Enable GPU limit requests for kubernetes executor
Status update (2023-01-24)
-
There is a new issue to follow Specify GPU resource limits in the Kubernetes executor that is currently a candidate for 15.10. I am not sure yet if we can still use the pattern established in this MR to solve the problem.
-
The one risk is that in 15.9, we have two other high-priority and in-depth features to add to the k8s executor. Use Kubernetes Secrets instead of ConfigMaps and Support activeDeadlineSeconds for pods spawned by kubernetes executor
-
Its one of the reasons why the GPU resource limits feature is in 15.10 at the earliest.
What does this MR do?
This enables the user to ask for one or more GPUs (or similar resources, from any vendor) in the kubernetes executor.

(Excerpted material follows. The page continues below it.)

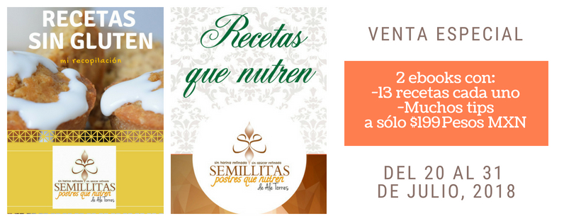Por último, les cuento que estos días tengo una venta especial de fin de mes. Se trata de dos ebooks buenísimos que les van a ayudar desde a cambiar de hábitos, hasta a preparar postres y alimentos más nutritivos, de manera fácil y deliciosa.

It also builds on the support for resource overwrites in !874 (merged) and extends this to GPUs, since at least for our case we prefer to let the long-running compiles execute on any hosts, after which we ask for a GPU-equipped one for the shorter test execution.
Fixes #3464.
Why was this MR needed?
The default kubernetes executor does not support any GPU resource specification.
Are there points in the code the reviewer needs to double check?
Not specifically in the code, but it might make sense to merge !874 (merged) first (I have posted a link in that discussion that fixes the remaining build issues), after which this change will be much smaller.
Does this MR meet the acceptance criteria?
-
Documentation created/updated -
Added tests for this feature/bug -
In case of conflicts with master
- branch was rebased